Using data from the Study of Osteoporotic Fractures (SOF), several clinical characteristics predictive of near-term (1-year) risk of hip and non-vertebral fracture among elderly osteoporotic women were identified, and a subset of those for hip fracture was incorporated into a risk assessment tool. Additional research is needed to validate study findings.
INTRODUCTION: While several risk factors are known to contribute to long-term fracture risk in women with osteoporosis, factors predicting fracture risk over a shorter time horizon, such as over a 1-year period, are less well-established.
METHODS: We utilized a repeated-observations design and data from the Study of Osteoporotic Fractures to identify factors contributing to near-term risk of hip fracture and any non-vertebral fracture, respectively, among osteoporotic women aged ≥65 years. Potential predictors of hip fracture and any non-vertebral fracture over the 1-year period subsequent to each qualifying SOF exam were examined using multivariable frailty models. Because the discriminative ability of the hip fracture model was acceptable, a corresponding risk-prediction tool was also developed.

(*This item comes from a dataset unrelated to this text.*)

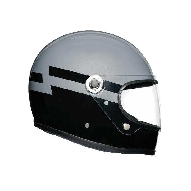 Clean lines, iconic colors, minimalist combinations: simplicity and elegance mark the early versions that led to the retirement of single-color graphics. The bold contours on the chin piece and the contrasting lower plate give it an even thinner appearance. Super AGV reinvents racing as we once knew it.

RESULTS: Study population included 2499 women with osteoporosis, who contributed 6811 observations. Incidence of fracture in the 1-year period subsequent to each exam was 2.2% for hip fracture and 6.6% for any non-vertebral fracture. Independent predictors of hip fracture included low total hip T-score, prior fracture, and risk factors for falls (multivariable model c-statistic = 0.71 (95% CI 0.67-0.76)). Independent predictors of any non-vertebral fracture included age, total hip T-score, prior falls, prior fracture, walking speed, Parkinson’s disease or stroke, and smoking (multivariable model c-statistic = 0.62 (0.59-0.65)).CONCLUSIONS: Several clinical characteristics predictive of hip and non-vertebral fracture within a 1-year follow-up period among elderly women with osteoporosis were identified, and a subset of those for hip fracture was incorporated into a risk assessment tool. Assessment of these risk factors may help guide osteoporosis treatment choices by identifying patients in whom there is urgency to treat. Additional research is needed to validate the findings of this study and the accuracy of the risk assessment tool.